Abigail was then denied tenure on the pretense that her work was derivative because another economist had discussed similar subjects, although not through the lens of Keynes. Abigail was not familiar with the economist’s work and while her own book was no more derivative than nearly all scholarship (very few journal articles represent original thinking), she believes “a grumbling line of bitter visages” voted against tenure because they had “a vexed relationship with novelty, always preferring to re-tread existing critical paths rather than blaze new ones.”

Abigail has a dim view of academic economists, a group of consisting mostly of males who are fixated on mathematics and measurement but never wonder about what gets measured and what (or who) gets left out. She has a similar view of academic philosophers, noting that Plato believed philosophers alone would understand “essential truths,” proving that Plato “never met anyone from our philosophy department.”

While contemplating unemployment, Abigail is invited to give a lecture based on her book. She plans to compare “the two Keyneses: the creative improvisational human he was in life and the institutional symbol of unchecked governmental expenditures that history has made of him.” She wants to focus on Keynes’ view of optimism, but as she builds her planned lecture in her mind, it is anything but focused. When she tries to follow the old memory trick of imagining each section of the speech as a room in her house, Keynes joins her for a stroll through the rooms.

The novel consists largely of Abigail’s lecture, or her thought digressions as she tries to construct it. Keynes helpfully scolds her when she’s straying too far off track although, by the end, there’s no track to follow. The initial rooms of the house in Abigail’s mind are filled with interesting ideas: her disagreement with Keynes’ notion that everyone shares the same desire for leisure rather than work; optimism as a form of antagonism and thinking as a model for living; rhetoric and Sophists; Plato’s elitism; the debate about pragmatism in the Western intellectual tradition (whether it is better to be right or to be useful); resistance to feminism in economics.

Whoa, Keynes warns, you don’t have enough time to cover all this ground. But Abigail doesn’t care because she is having too much fun: “I am enjoying myself thinking about all of this: the history of rhetoric, the history of ideas.” The novel is, at its best, a celebration of ideas, of deep thought, of living a life of the mind.

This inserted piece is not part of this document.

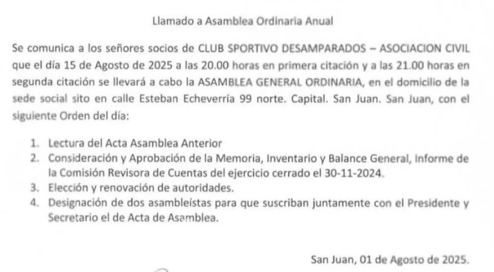 La espera terminó en Puyuta. Este viernes se confirmó que el próximo 15 de agosto se llevará a cabo la Asamblea en Sportivo Desamparados, donde los socios podrán elegir nuevas autoridades y cerrar un extenso período de incertidumbre dirigencial.
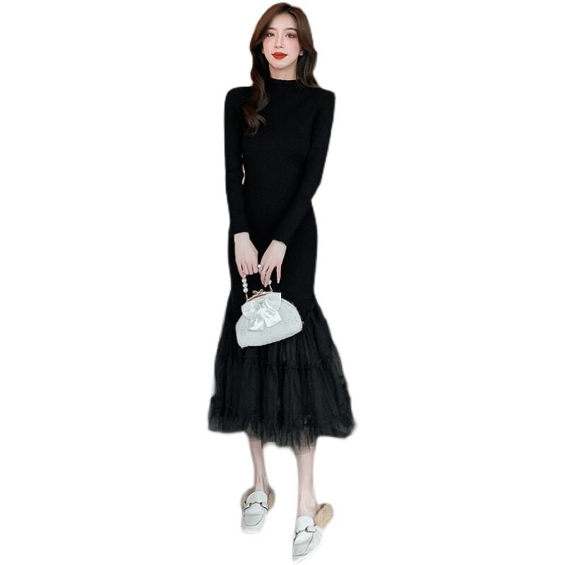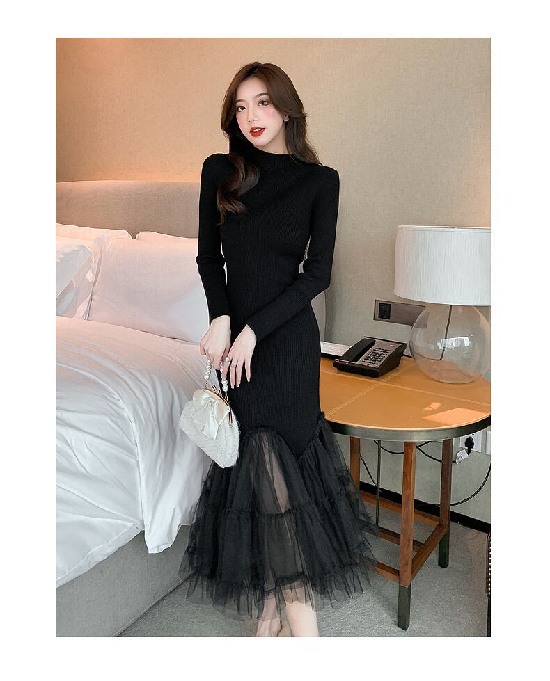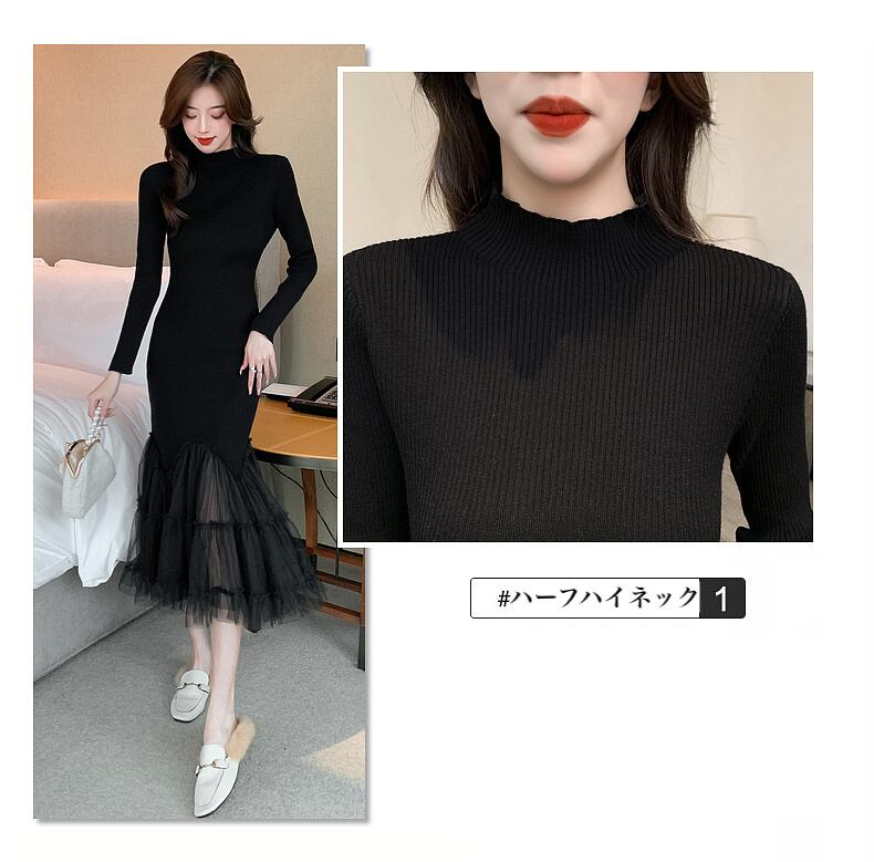 ニットメッシュマーメイドワンピース ニットワンピース メッシュスカート マーメイドスカート ワンピース ニット 異素材 無地 ハイウエスト プルオーバー a3892

But it is also a condemnation of living that life. As Abigail applies her ideas to her own life, she wonders how she came to her present (soon to be jobless) state. She faults herself for relying on instinct to carry her along with “a total absence of strategy.” She admires Keynes for following truths to reasoned conclusions, for his willingness to change his mind in response to new evidence, and wonders about her own aversion to risk. Or did risky decisions, none of which were well considered, result in the denial of tenure?

Where has a life of the mind gotten Abigail? Eventually, Abigail’s thoughts digress to her childhood, her failure to make friends in high school, the satisfaction she received from meeting smart people in college, the one meaningful friendship in college that faded away after graduation, her marriage and daughter. Abigail loves her husband but wonders whether he is, as a stay-at-home dad who stands upon his refusal to sell out to corporate America, taking advantage of her willingness to work so that he can pursue the kind of freedom from labor that Keynes assumes we all want.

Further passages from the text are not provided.